Joins¶
Join operations combine rows from two Tables based on matching column values.
Left Join¶
Keeps all rows from the left table and matching rows from the right table. Missing matches are filled with null values. Use left join when you want to preserve all records from the left table.
(set trades (table [symbol order_id price quantity]
(list ['AAPL 'MSFT 'GOOG] [1001 1002 1003] [150.25 300.50 125.75] [100 200 150])))
┌────────┬──────────┬────────┬──────────┐
│ symbol │ order_id │ price │ quantity │
├────────┼──────────┼────────┼──────────┤
│ AAPL │ 1001 │ 150.25 │ 100 │
│ MSFT │ 1002 │ 300.50 │ 200 │
│ GOOG │ 1003 │ 125.75 │ 150 │
├────────┴──────────┴────────┴──────────┤
│ 3 rows (3 shown) 4 columns (4 shown) │
└───────────────────────────────────────┘
(set orders (table [order_id client_id timestamp status]
(list [1001 1002 1004]
['CLIENT_A 'CLIENT_B 'CLIENT_C]
[09:00:00 09:05:00 09:10:00]
['FILLED 'FILLED 'PENDING])))
┌──────────┬───────────┬──────────────┬─────────┐
│ order_id │ client_id │ timestamp │ status │
├──────────┼───────────┼──────────────┼─────────┤
│ 1001 │ CLIENT_A │ 09:00:00.000 │ FILLED │
│ 1002 │ CLIENT_B │ 09:05:00.000 │ FILLED │
│ 1004 │ CLIENT_C │ 09:10:00.000 │ PENDING │
├──────────┴───────────┴──────────────┴─────────┤
│ 3 rows (3 shown) 4 columns (4 shown) │
└───────────────────────────────────────────────┘
(left-join [order_id] trades orders)
┌──────────┬──────────────┬────────┬────────┬──────────┬───────────┬────────┐
│ order_id │ timestamp │ symbol │ price │ quantity │ client_id │ status │
├──────────┼──────────────┼────────┼────────┼──────────┼───────────┼────────┤
│ 1001 │ 09:00:00.000 │ AAPL │ 150.25 │ 100 │ CLIENT_A │ FILLED │
│ 1002 │ 09:05:00.000 │ MSFT │ 300.50 │ 200 │ CLIENT_B │ FILLED │
│ 1003 │ Null │ GOOG │ 125.75 │ 150 │ Null │ Null │
├──────────┴──────────────┴────────┴────────┴──────────┴───────────┴────────┤
│ 3 rows (3 shown) 7 columns (7 shown) │
└───────────────────────────────────────────────────────────────────────────┘
Multiple Column Join¶
(set positions (table [symbol account_id quantity]

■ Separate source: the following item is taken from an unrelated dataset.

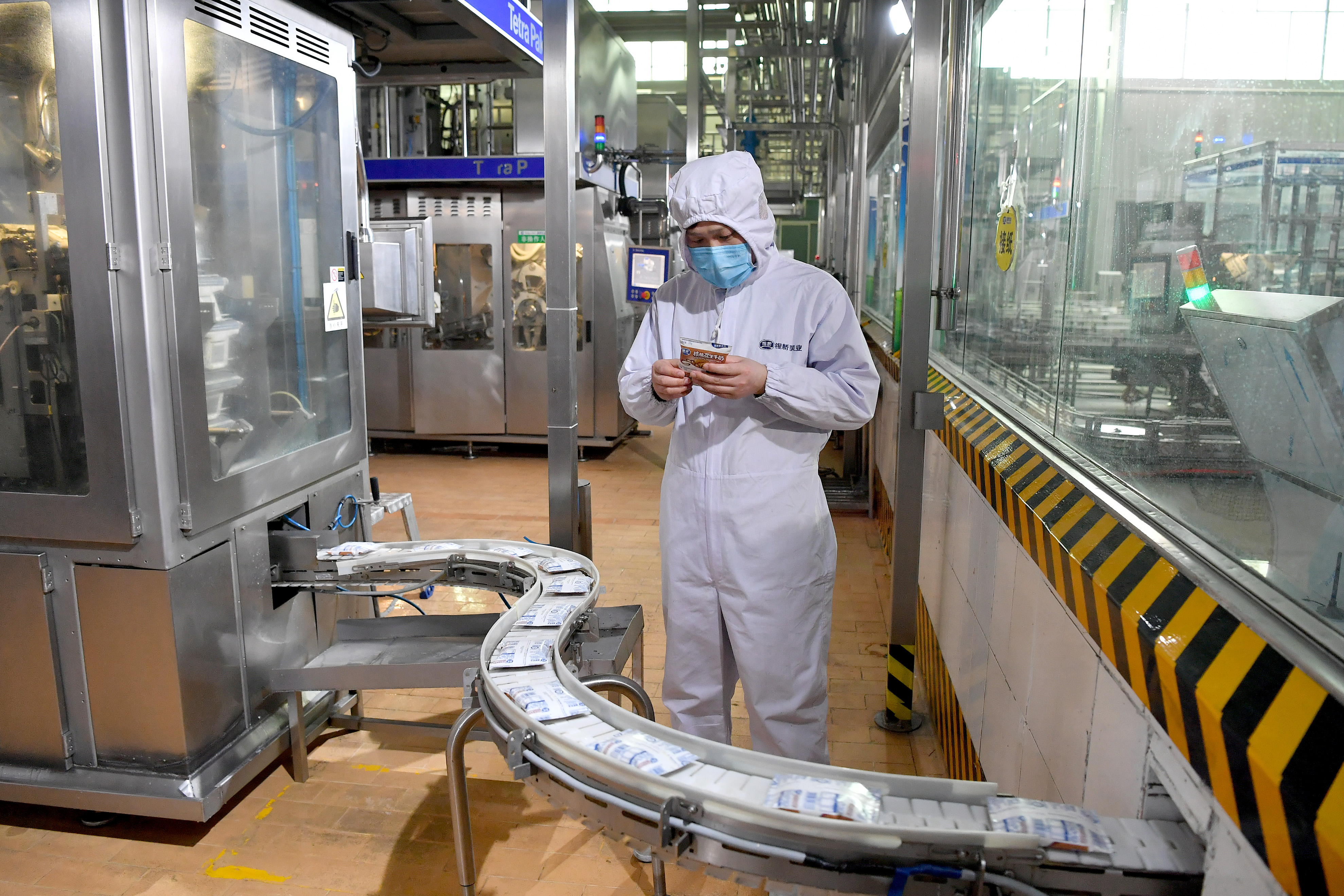 A worker works at Xi'an Yinqiao Dairy Company in Lintong District of Xi'an, northwest China's Shaanxi Province, Feb. 26, 2020. (Xinhua/Liu Xiao)

(list ['AAPL 'MSFT 'AAPL] ['ACC001 'ACC001 'ACC002] [1000 500 2000])))
(set prices (table [symbol account_id price]
(list ['AAPL 'MSFT 'AAPL] ['ACC001 'ACC001 'ACC002] [150.25 300.50 150.30])))
(left-join [symbol account_id] positions prices) ;; Left join on multiple columns: symbol and account_id
┌────────┬────────────┬────────┬──────────┐
│ symbol │ account_id │ price │ quantity │
├────────┼────────────┼────────┼──────────┤
│ AAPL │ ACC001 │ 150.25 │ 1000 │
│ MSFT │ ACC001 │ 300.50 │ 500 │
│ AAPL │ ACC002 │ 150.30 │ 2000 │
├────────┴────────────┴────────┴──────────┤
│ 3 rows (3 shown) 4 columns (4 shown) │
└─────────────────────────────────────────┘
The left-join function takes three arguments:
1. A Vector of Symbols representing join columns.
2. The left Table
3. The right Table
Inner Join¶
Keeps only rows where the join columns match in both tables. Returns the intersection of both tables. Use inner join when you only want records that exist in both tables.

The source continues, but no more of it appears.